── Working data

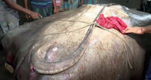 (ভিডিও)তরমুজের ক্ষেতে সাড়ে ১৪ মণের শাপলা পাতা মাছ
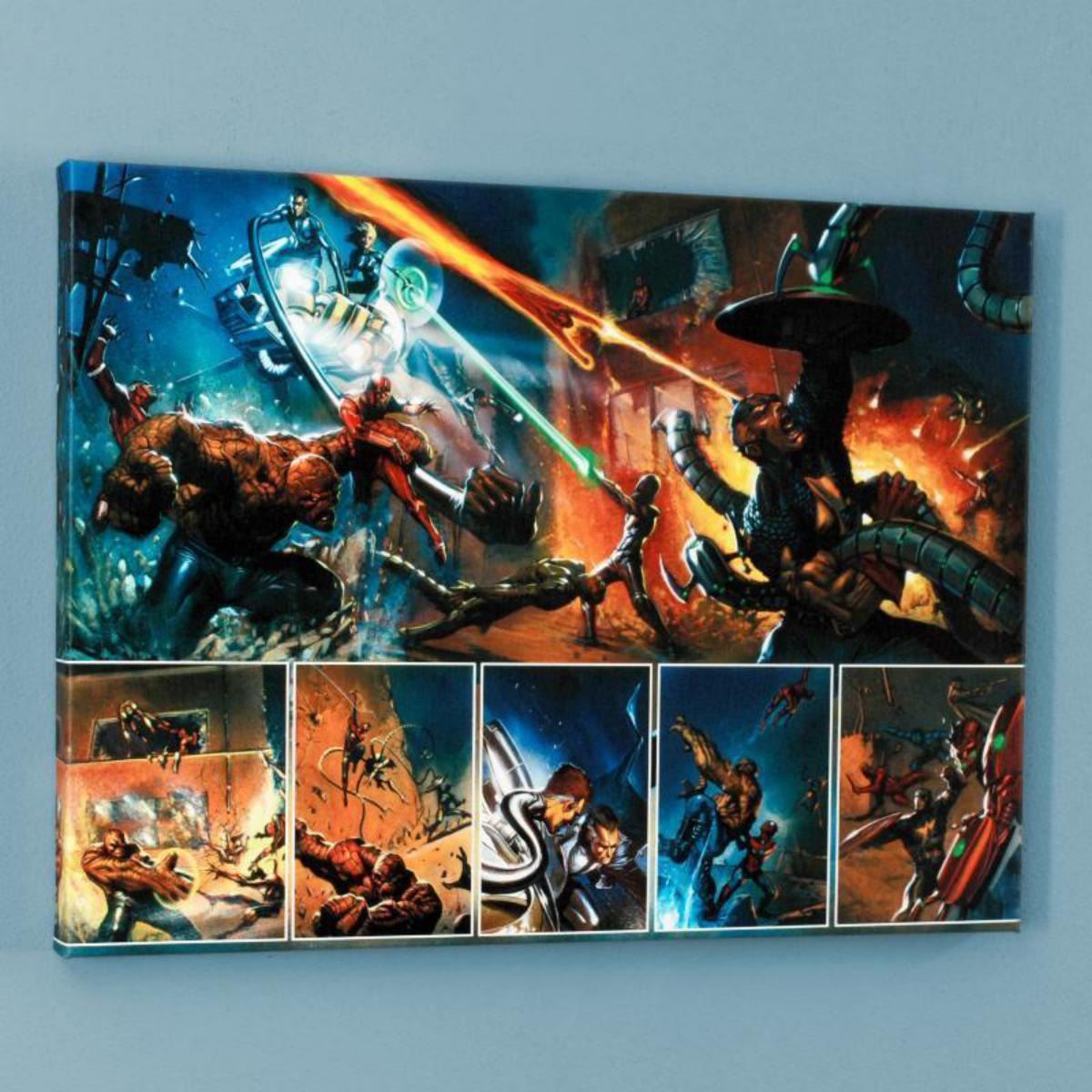 A piece of comic book history, this limited edition, from original art by Gabriele Dell'Otto, depicts an intense scene from the Fantastic Four. In 1998 Dell'Otto started collaborating with the European division of Marvel Comics, producing covers, posters and lithographies for Italy, France and Germany. In 2002, his work was shown to the editor-in-chief of Marvel Comics, who entrusted to him with the art for the Secret War mini-series. "Secret War #4" is a limited edition giclee on canvas by Gabriele Dell'Otto presented by Marvel Comics! This piece comes gallery wrapped. Includes Certificate of Authenticity! Measures approx. 24" x 18" (image). Reference #: 236797.
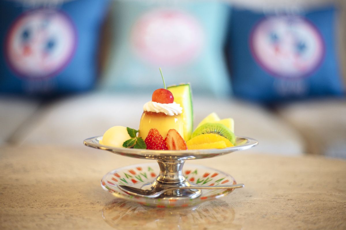 今回のプランでは、お部屋で純喫茶の王道的メニュー、プリン ア・ラ・モードや、「マカリオソーダ」が味わえるのが特典のひとつです。ホテル特製のプリン ア・ラ・モードは、フルーツやクリームで飾られて、おいしいのはもちろん、とってもフォトジェニック! イタリアの炭酸ジュース「マカリオソーダ」は、レトロタッチのラベルがキュートで、その味わいもどこかクラシック。「アデリアレトロ」のグラスに注いで楽しみましょう。これらの代金は宿泊費に含まれています。提供時間は15時~17時30分の間で、予約時に時間をセレクトします。
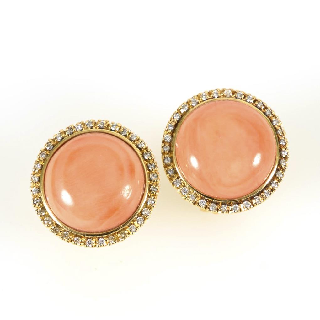 Gelbgold 750 geprüft. Brillanten zus. ca. 0,32 ct. Koralle Ø 14 mm. Ohrstecker Ø 1,8 cm. 13,3 g.
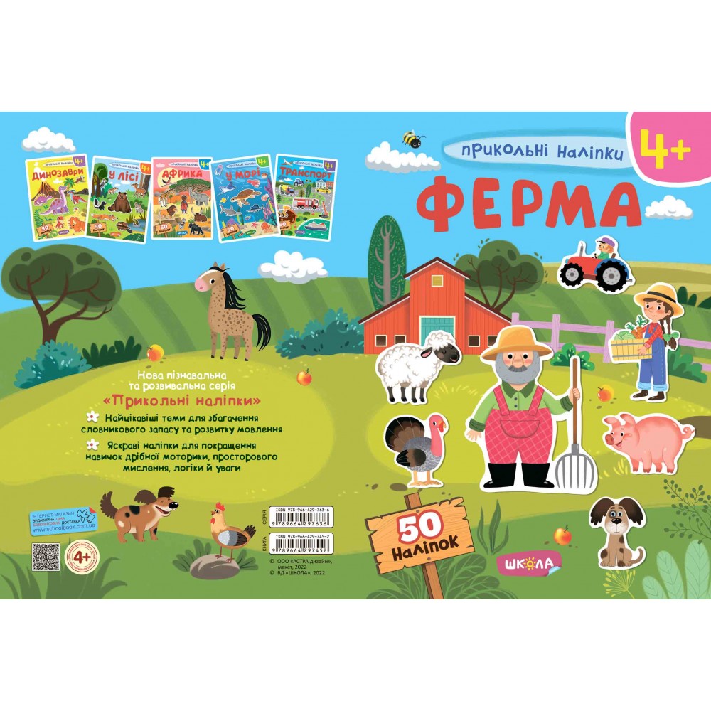 Зошити «Прикольні наліпки» для дітей від чотирьох років розроблені для збагачення словникового запасу дитини, розвитку зорової пам’яті та образного мислення. Барвисті, приємні на дотик наліпки сподобаються навіть найвибагливішим малюкам. Кожен примірник містить 50 наліпок та спеціальні сторінки для наклеювання із тематичним зображенням.
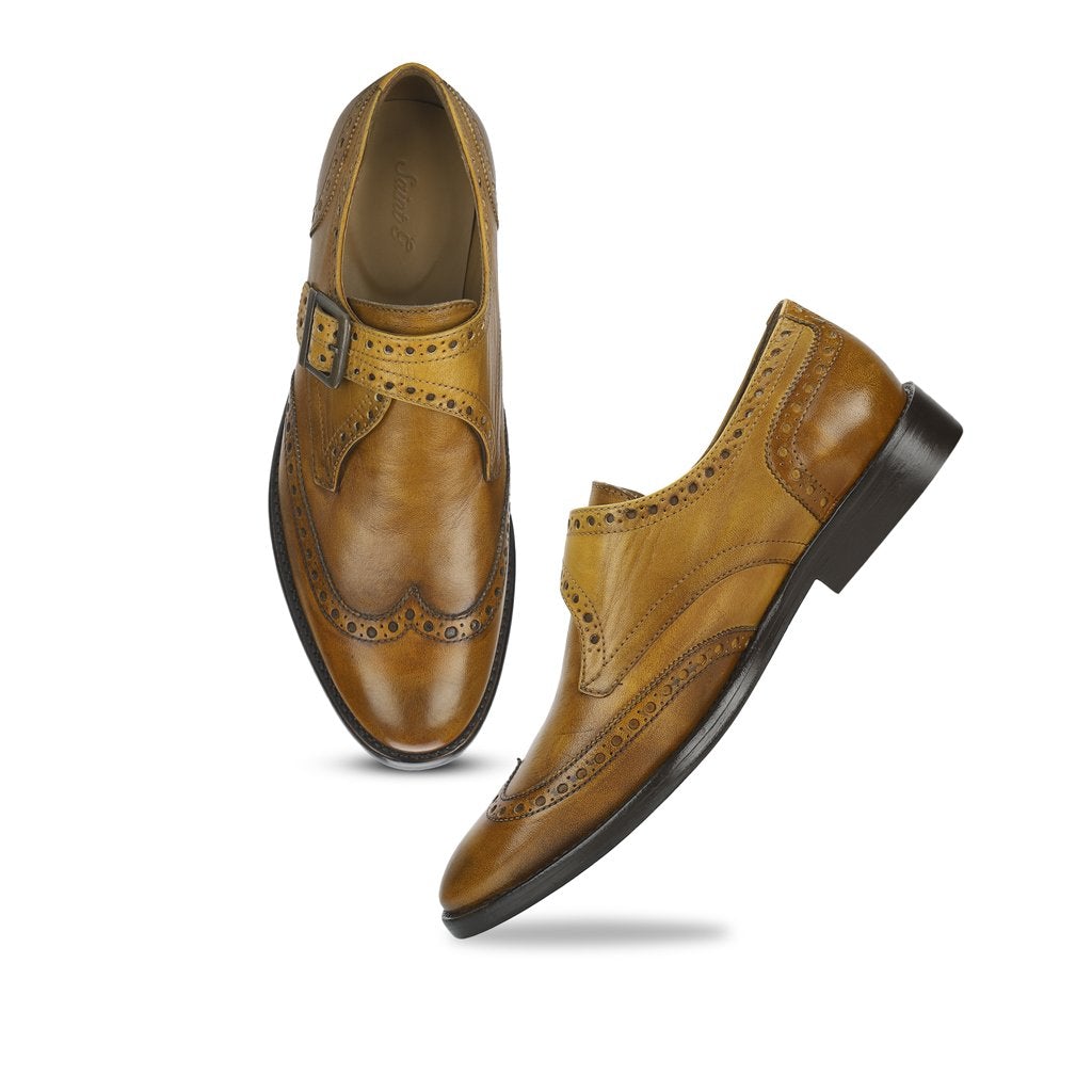 Handcrafted Leather Shoes:- A pair of handcrafted two color toned tan leather buckled monk strap shoes from SaintG. Featuring a side buckle fastening and decorative perforations. Its complete with leather lining, padded leather insole, stitched panels and a leather sole, nailing on heel and welt 6mm with stitch.

────

> What the task asks: Retype the entries above exactly, starting at their first line and ending with the line that holds "A piece of comic"; pictures stay out.

> Solved problem:
 (ভিডিও)তরমুজের ক্ষেতে সাড়ে ১৪ মণের শাপলা পাতা মাছ
 A piece of comic book history, this limited edition, from original art by Gabriele Dell'Otto, depicts an intense scene from the Fantastic Four. In 1998 Dell'Otto started collaborating with the European division of Marvel Comics, producing covers, posters and lithographies for Italy, France and Germany. In 2002, his work was shown to the editor-in-chief of Marvel Comics, who entrusted to him with the art for the Secret War mini-series. "Secret War #4" is a limited edition giclee on canvas by Gabriele Dell'Otto presented by Marvel Comics! This piece comes gallery wrapped. Includes Certificate of Authenticity! Measures approx. 24" x 18" (image). Reference #: 236797.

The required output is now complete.